Fungi produce secondary metabolites and proteins as protection against fungivorous arthropods and nematodes. A new biosynthetis pathway hypothesized to be involved in defense response to fungi has recently been discovered in our laboratory. We named the pathway MAR. Gene disruption mutants were generated for the key gene of the pathway. The task is to test a range of target animals (nematodes, springtails, woodlice, mealworms) for the effect of the gene disruption on food preference (do they prefer feeding on the mutants as compared to the wildtype?) and and on fitness (do they grow faster and produce more offspring when feeding on the mutants?).

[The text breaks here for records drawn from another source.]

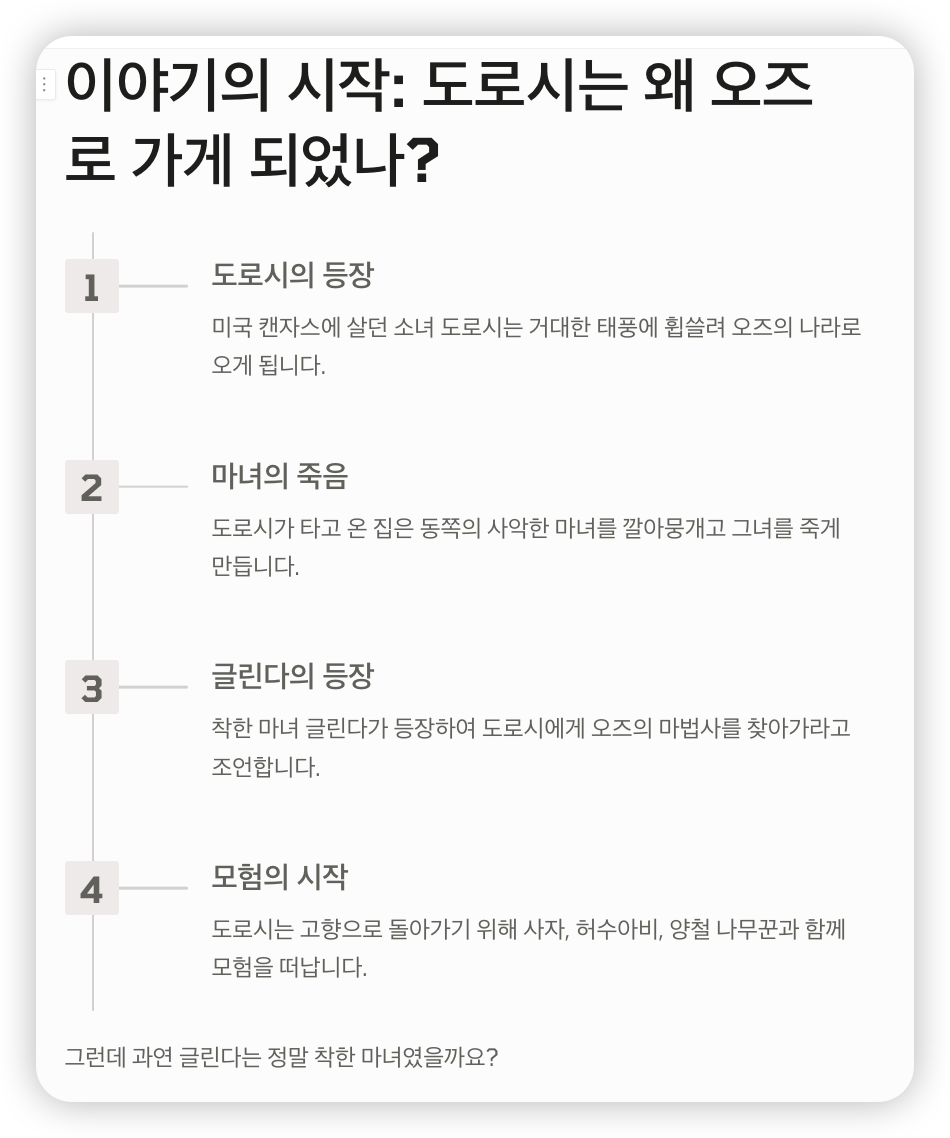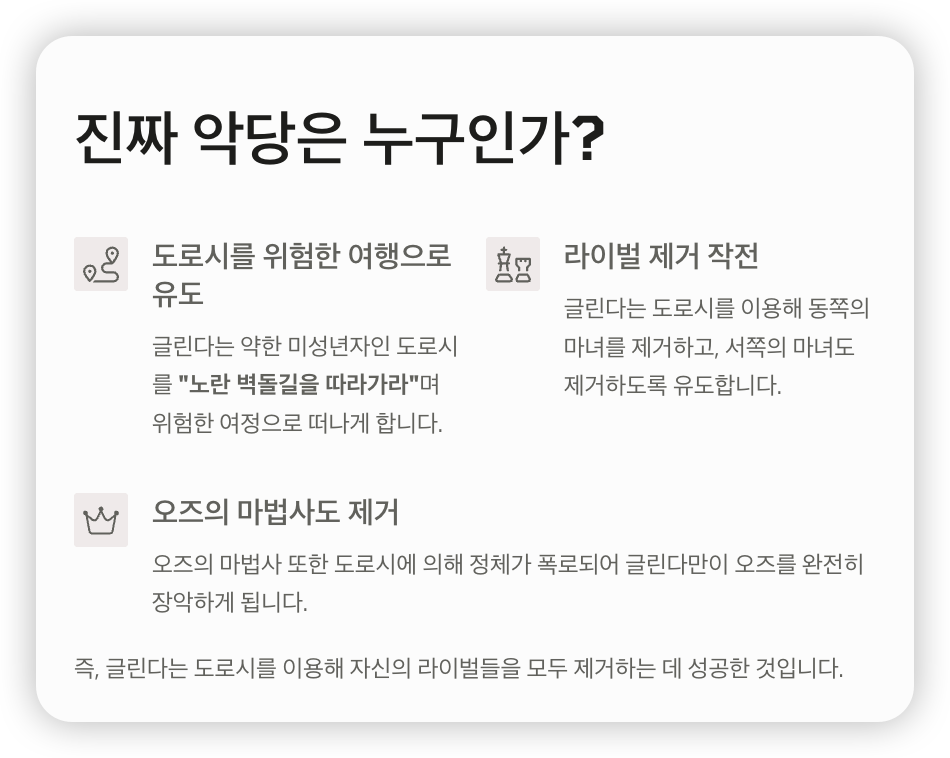 결과적으로, 오즈의 마법사는 '선악의 대결'이 아니라, 한 마녀의 치밀한 권력 장악 과정이었던 것입니다.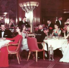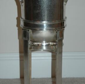 There’s silver, and then there’s silver. This immense champagne bucket and stand was designed with a heavy base to keep it upright in rough seas. Together these pieces measure over 18” tall. The bucket is 8” in diameter at the upper rim and 9½” tall. The stand is 13” tall. Both produced by Elkington plate. In the the pinewood pattern, the bucket and stand are each dated 1936.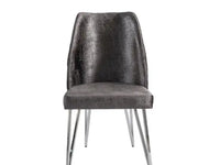 NICOLE CHAIRS IN DARK GREY VELVET SEAT AND SILVER FEETS.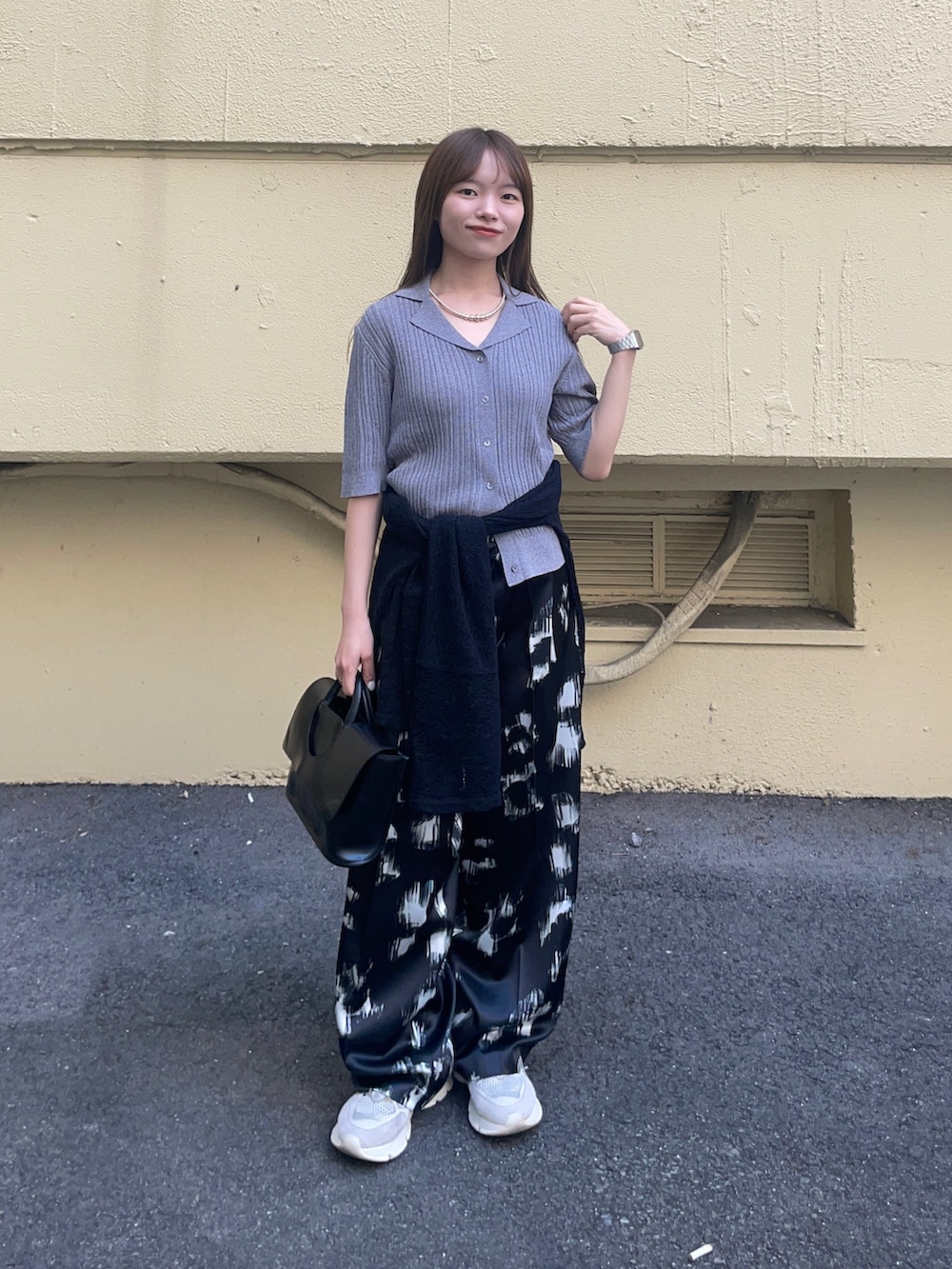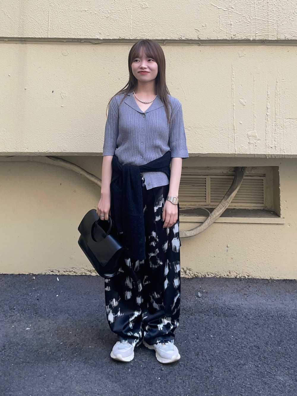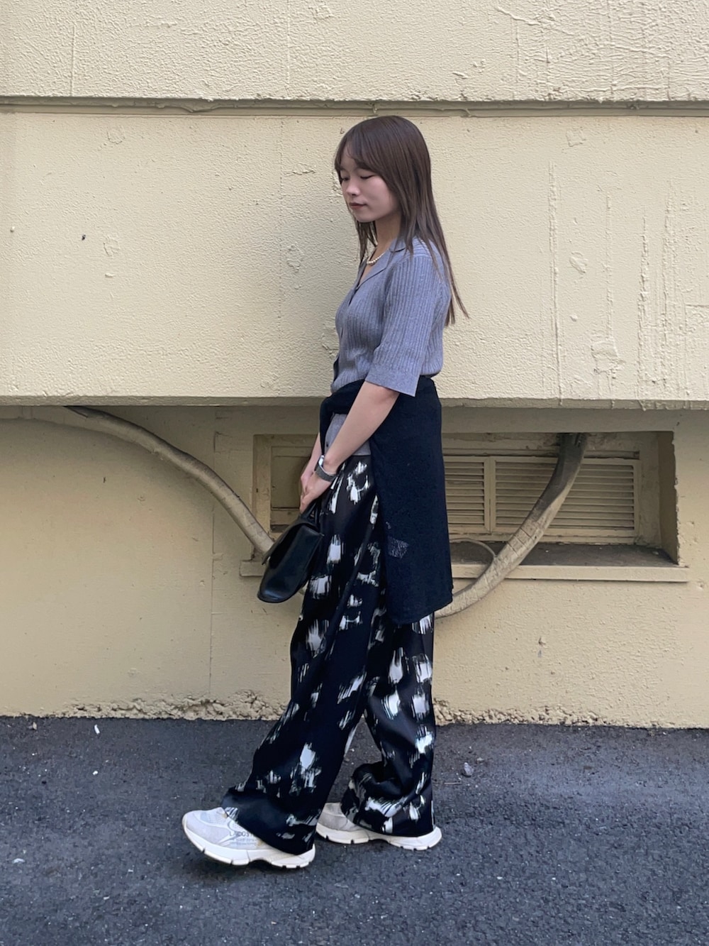 トップスはニットポロカーディガンです!リブが入ったシンプルだけどデザイン性の高いアイテムで、着ると体に沿うのでスッキリして見えます!着心地もとっても良いですよ✨

Contact: Mohammad Alhussein, Maria Vinas, Prof. P. Karlovsky
NLPs are small proteins produced by many bacteria and fungi. Because NLPs of phytopathogenic fungi are cytotoxic, causing strong necrosis in the leaves of dicotyledoneous plants, the role of NLPs in the aggressiveness (virulence) of many plant pathogenic fungi has been studied. The task is to review this literature and summarize the findings.
Contact: Mohammad Alhussein, Ling Su, Prof. P. Karlovsky
NLPs are small proteins produced by many bacteria and fungi. NLPs of phytopathogenic fungi are cytotoxic, cause strong necrosis in the leaves of dicotyledoneous plants. The role of NLPs in plant infection is unknown.
The task is to test fungal mutants with disrupted production of NLPs in different systems in order to reveal the biological function of the proteins. Nonhost plants and unconventional targets will be tested to solve the puzzle that most mutants of pathogenic fungi that do not produce NLPs are not impaired in their pathogenicity.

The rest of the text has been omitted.